## Assignment
For this exercise, retype all the data exactly and exclude every image.

## Given data
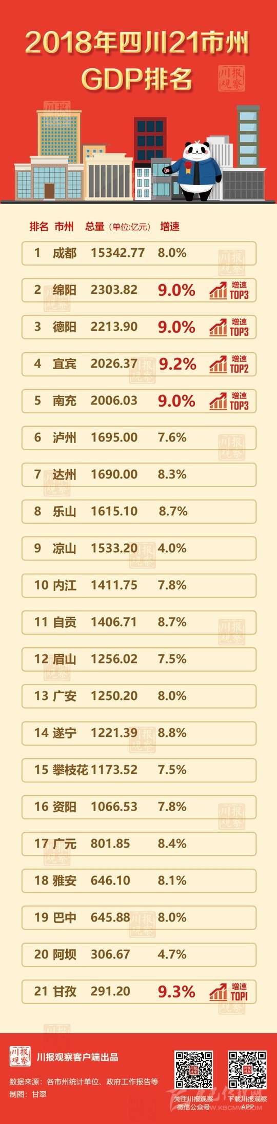 能夠率先拔得頭籌,必然有過人之處。分析發現,綿陽、德陽、宜賓、南充4市,去年的GDP增速都保持在9%及以上。而全省21個市州GDP增速在9%及以上的,總共只有5個,還有一個席位被甘孜占領。
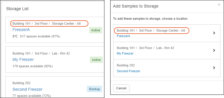 Unlike any location information you might place in the description field, these locations will be shown on the storage dashboard and in the selection popups when deciding where to store or move samples.
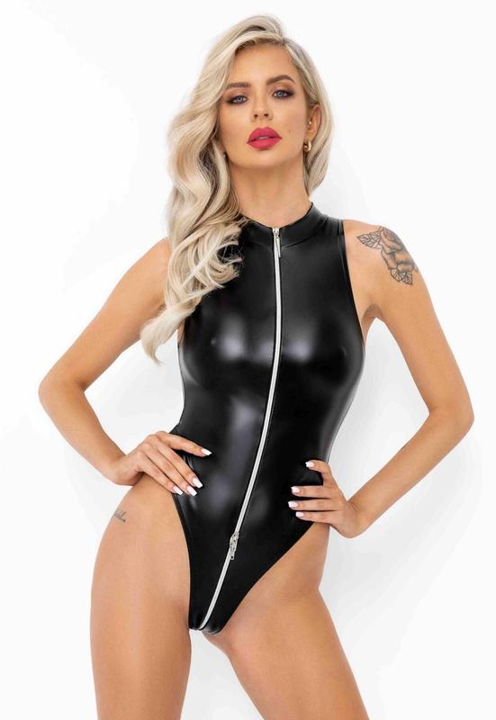 Боді з мокрим ефектом noir handmade f294 powerwetlook bodysuit with front zipper, 3xl
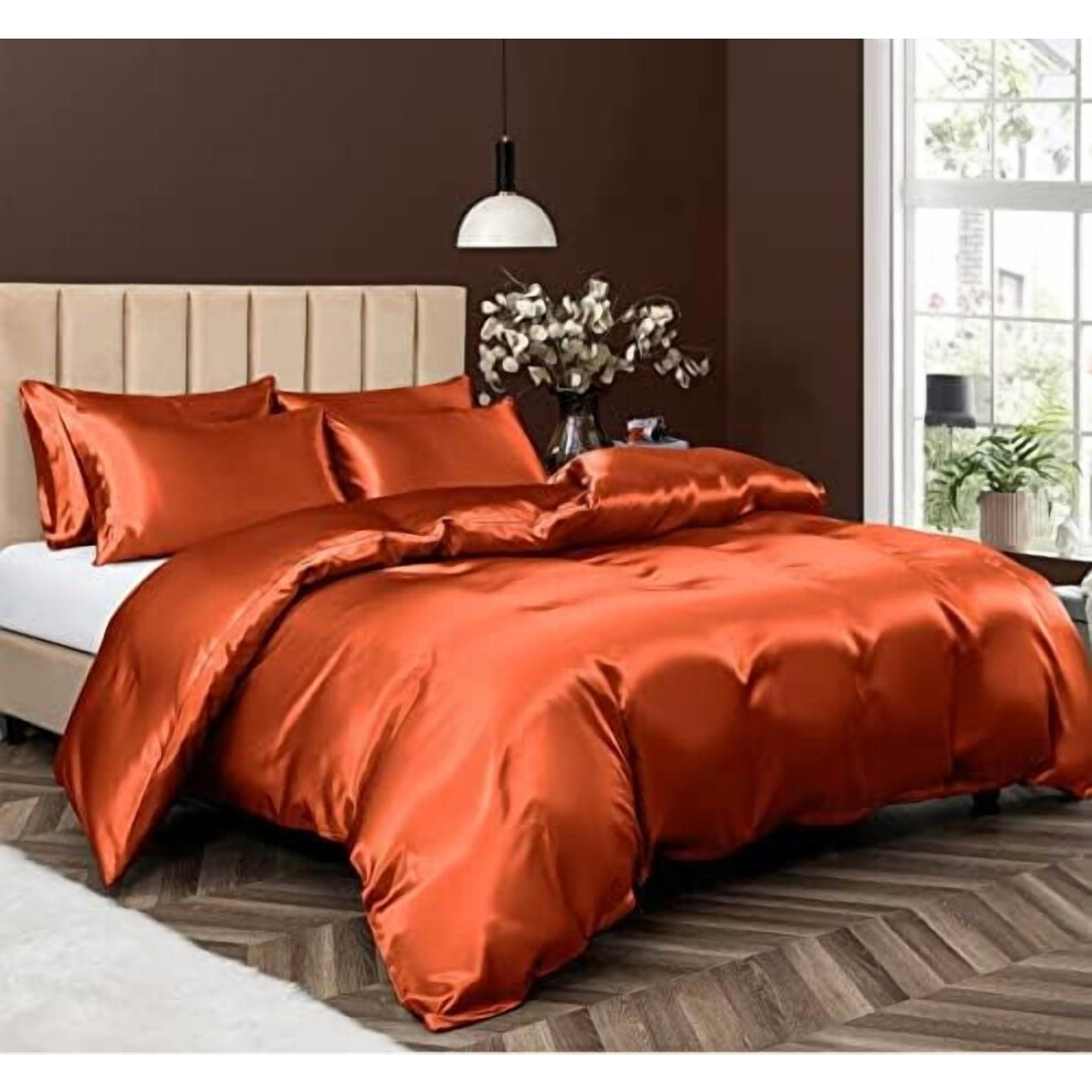 5-Pc Satin Duvet Cover Set Full/Queen, Burnt Orange Luxury Bedding with Zipper, 1 Cover + 4 Pillowcases (No Comforter)

## Expected output
 能夠率先拔得頭籌,必然有過人之處。分析發現,綿陽、德陽、宜賓、南充4市,去年的GDP增速都保持在9%及以上。而全省21個市州GDP增速在9%及以上的,總共只有5個,還有一個席位被甘孜占領。
 Unlike any location information you might place in the description field, these locations will be shown on the storage dashboard and in the selection popups when deciding where to store or move samples.
 Боді з мокрим ефектом noir handmade f294 powerwetlook bodysuit with front zipper, 3xl
 5-Pc Satin Duvet Cover Set Full/Queen, Burnt Orange Luxury Bedding with Zipper, 1 Cover + 4 Pillowcases (No Comforter)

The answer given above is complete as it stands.